Data provided =
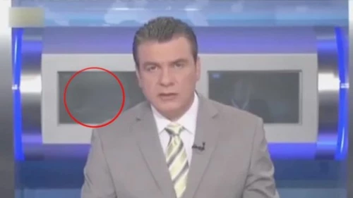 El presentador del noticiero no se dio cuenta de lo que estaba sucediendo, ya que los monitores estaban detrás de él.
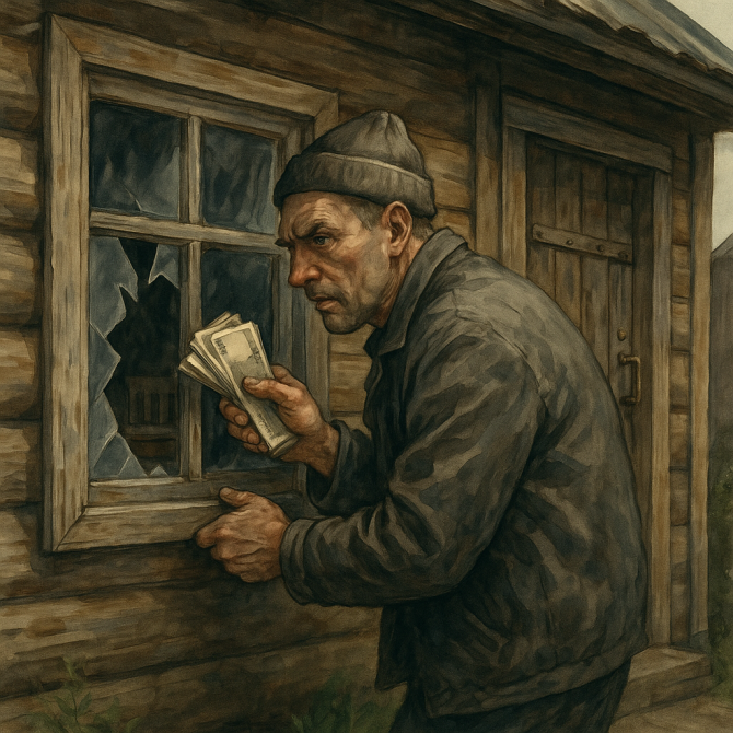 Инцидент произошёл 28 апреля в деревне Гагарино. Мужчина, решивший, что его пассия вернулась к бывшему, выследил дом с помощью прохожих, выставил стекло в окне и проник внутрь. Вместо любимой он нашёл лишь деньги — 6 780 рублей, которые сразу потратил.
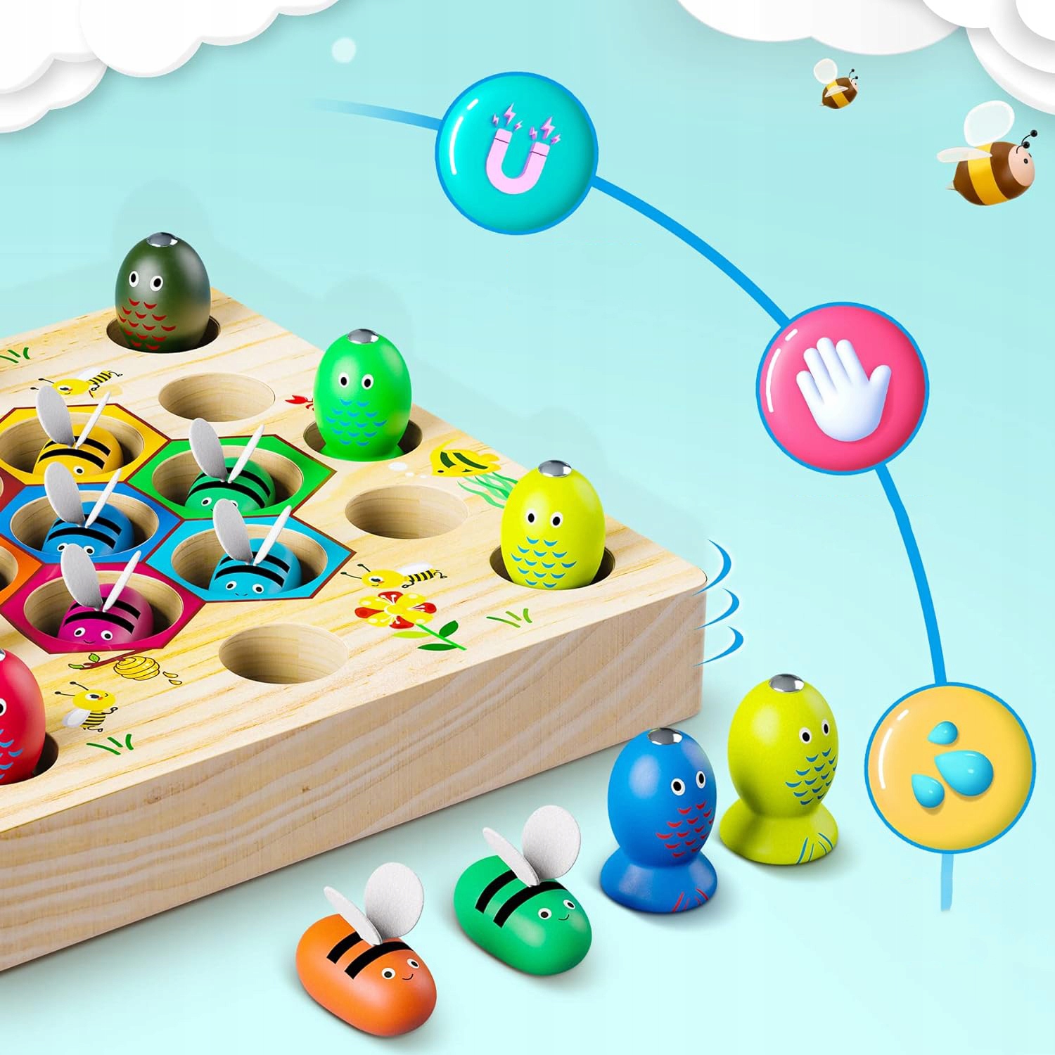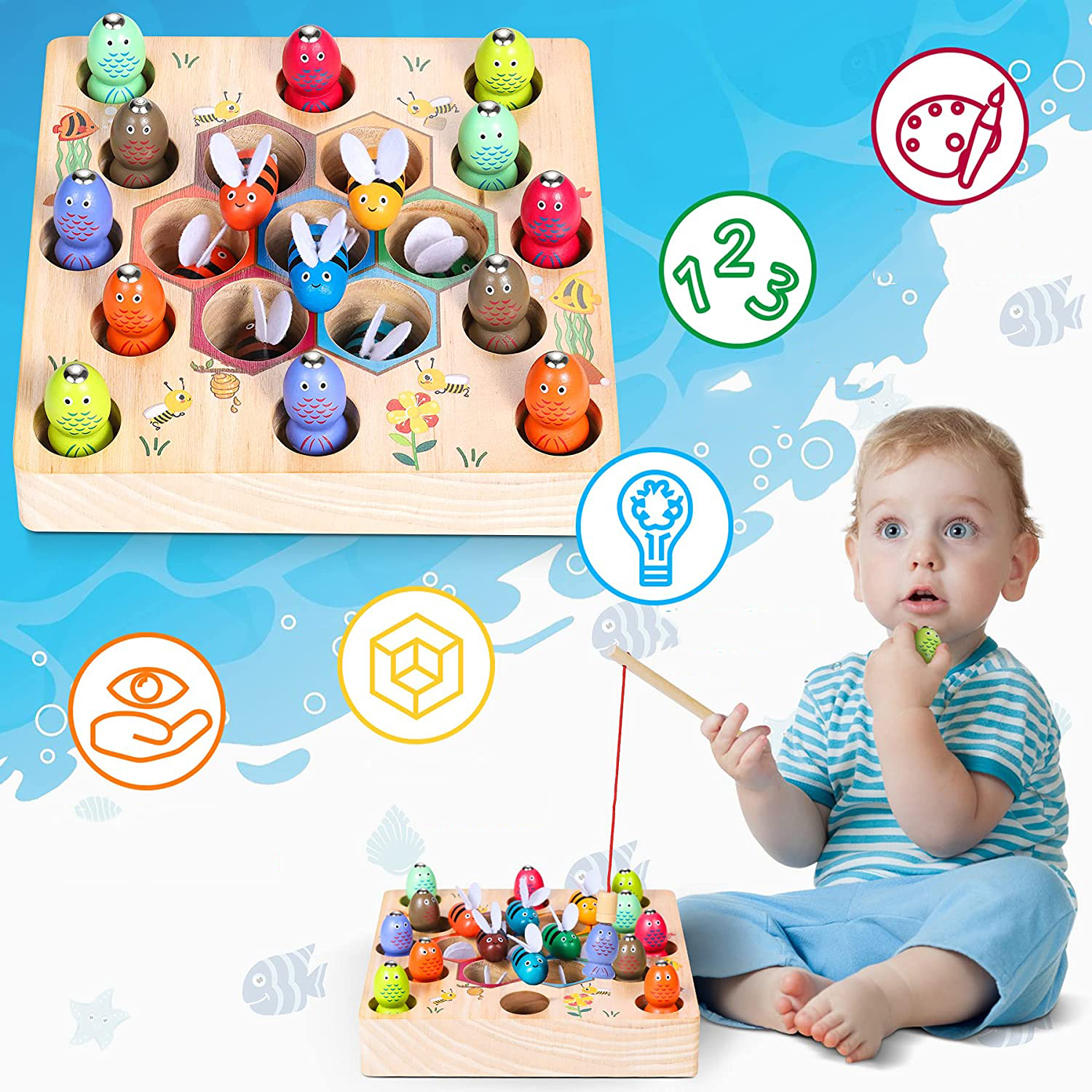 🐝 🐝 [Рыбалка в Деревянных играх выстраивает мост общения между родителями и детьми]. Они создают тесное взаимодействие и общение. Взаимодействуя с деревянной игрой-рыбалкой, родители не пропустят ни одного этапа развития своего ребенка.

What is required =
Return the listing unchanged, but drop every picture.

Reply to the task =
 El presentador del noticiero no se dio cuenta de lo que estaba sucediendo, ya que los monitores estaban detrás de él.
 Инцидент произошёл 28 апреля в деревне Гагарино. Мужчина, решивший, что его пассия вернулась к бывшему, выследил дом с помощью прохожих, выставил стекло в окне и проник внутрь. Вместо любимой он нашёл лишь деньги — 6 780 рублей, которые сразу потратил.
 🐝 🐝 [Рыбалка в Деревянных играх выстраивает мост общения между родителями и детьми]. Они создают тесное взаимодействие и общение. Взаимодействуя с деревянной игрой-рыбалкой, родители не пропустят ни одного этапа развития своего ребенка.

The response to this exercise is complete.